Hi Team,
During this year we have noticed some issues with SQL performance on our multi-module Orion installation with 20 additional polling engines and 6 additional web servers.
SolarWinds is great for troubleshooting itself, so we have installed DPA in trial license and added our own Orion SQL instance.
Our first DPA results were very surprising. We have noticed that there were two SQL queries (green and purple), which are consuming most or our CPU wait time.
You can see how many times those queries were executed, around 1.600 times per hour.
We have checked deeper and found out that Log Management service (Log Viewer/Log Analyzer) service was executing them.
This was strange, as we did not send that many Syslog/Trap messages to our Orion installation. So why Log Viewer is consuming so much CPU wait time?
We have created a new support case 01253910 and we have investigate it further.
SolarWinds Development team reached out to us and explained that Log Viewer/Log Analyzer is frequently refreshing its list of IP addresses, for which Syslog/Trap messages are being saved in the database.
The issue here is that each poller needs to perform its own synchronization, which is performed very very often. So, in a very large environment, the synchronization itself can consume most of the SQL CPU resources.

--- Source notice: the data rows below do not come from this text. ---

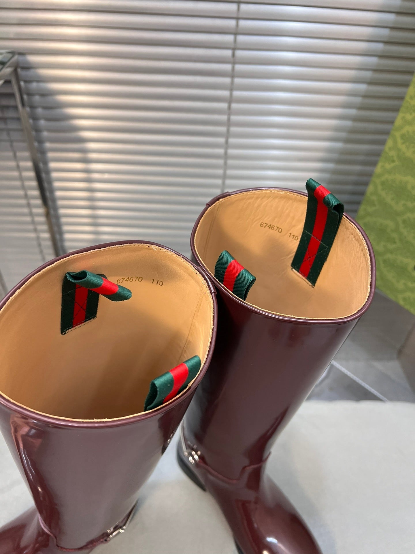 SLIM HORSEBIT KNEE BOOTS WITH WEB IN WINE RED GLOSSY CALFSKIN
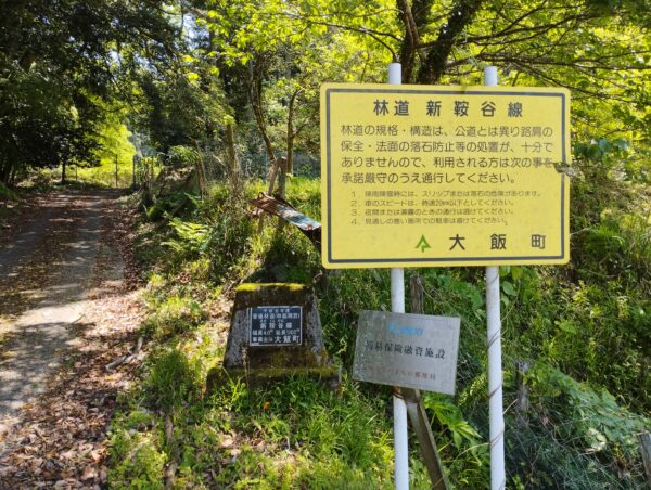「林道新鞍谷線」の入口です。すぐ先に害獣対策フェンスがあり、そこを開閉して林道に入ります。「おおい町」って今はひらがな表記なんですけど、以前は「大飯町」って書いたんですね。
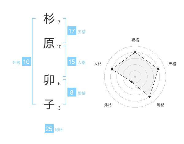 杉原 卯子さんの総格は25画の4点!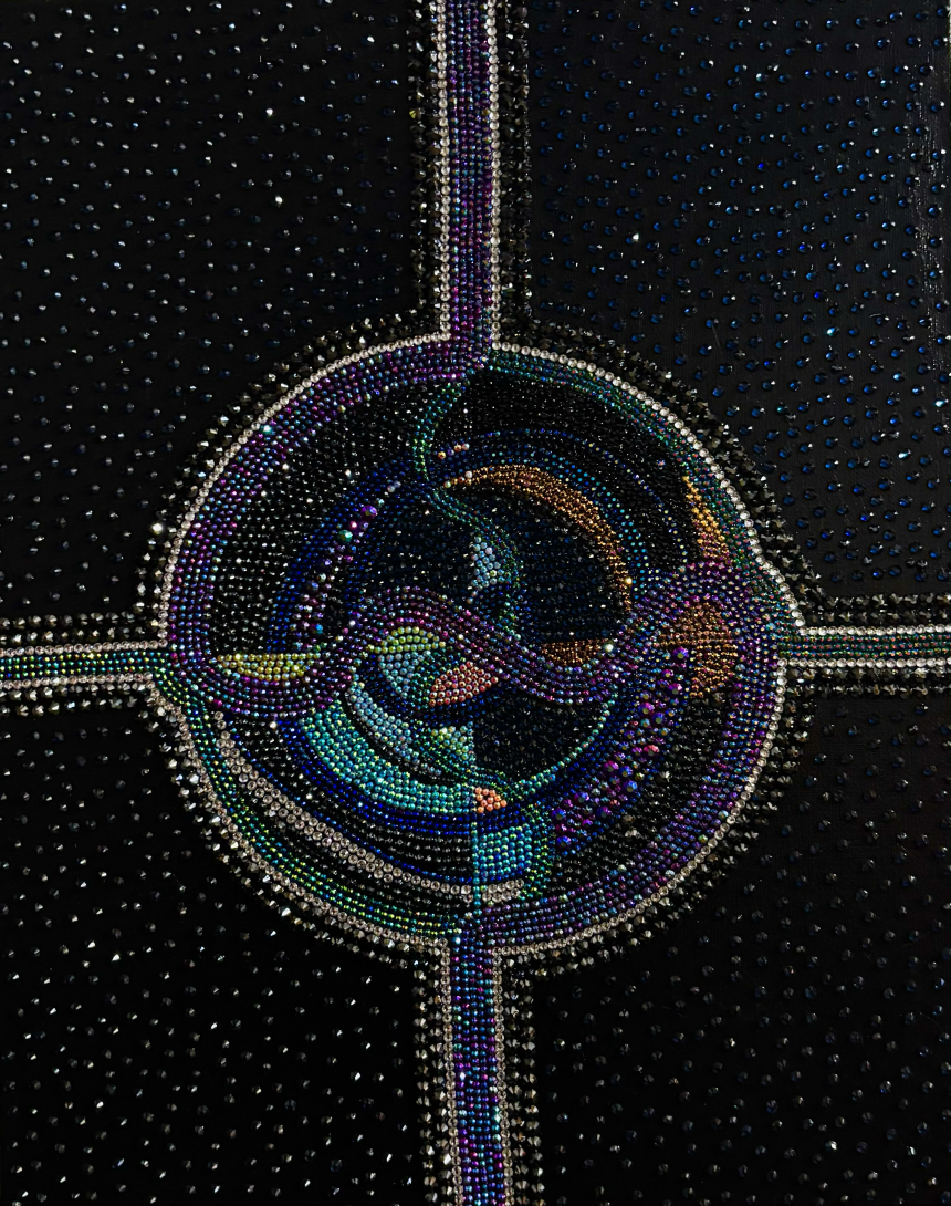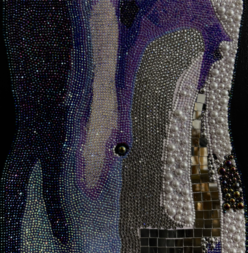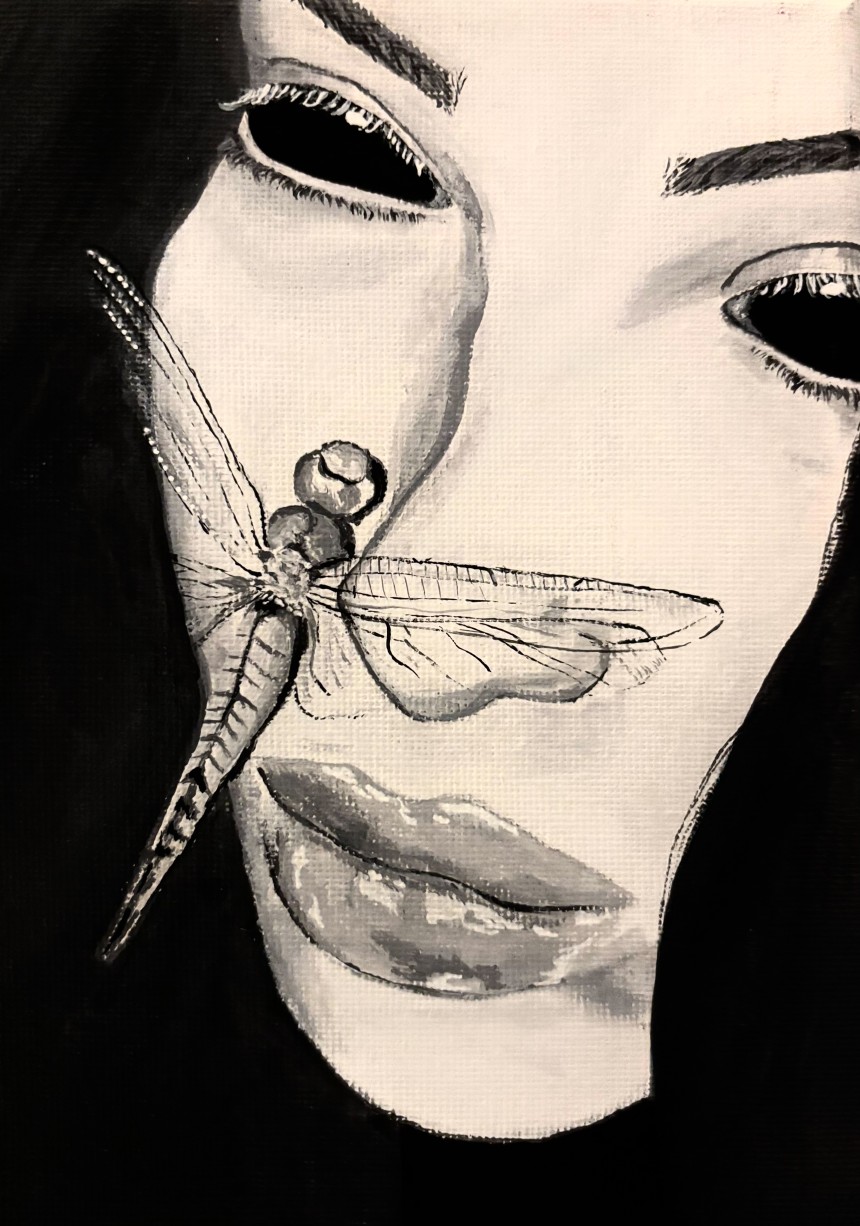 The face’s exaggerated features, particularly the lips and eyes, add a sense of disorientation, commenting on altered states of...

Thankfully, there is an easy fix.
We needed to modify “Node Cache Refresh Interval” and “Node Cache Refresh cool down” in the Advanced Configuration. The change requires a restart of Log Viewer/Log Analyzer service (which Adv Config page can do for you)
By default, those values are 10 seconds and 5 minutes. Please check below DPA results and value changes for 1min&10min as well as 5min&20min.
The difference in CPU wait time is huge and we really noticed a better SQL performance.
After some testing, we decided to use 10 minutes for NodeCacheCooldownPeriod and 30 minutes for NodeCacheRefreshInterval.
I asked Support what are possible downsides and they replied that only for newly added nodes, syslog and trap messages would have up-to 30min delay in saving to the database. After 30 minutes (starting from the event of adding a node to Orion), all Syslog/Trap messages will be saved without any delay or drops, indefinitely.
Already added nodes are not affected. Also synchronization for LV/LA rules is not affected.
In conclusion, I do not see any issues or important disadvantages in performing those modifications and I strongly recommend performing them for your large environment
I believe that in the near future, support will perform some changes to those settings or will create a technical article, but for now there are no public document, so I wanted to share it with you.
Take care, Marcin.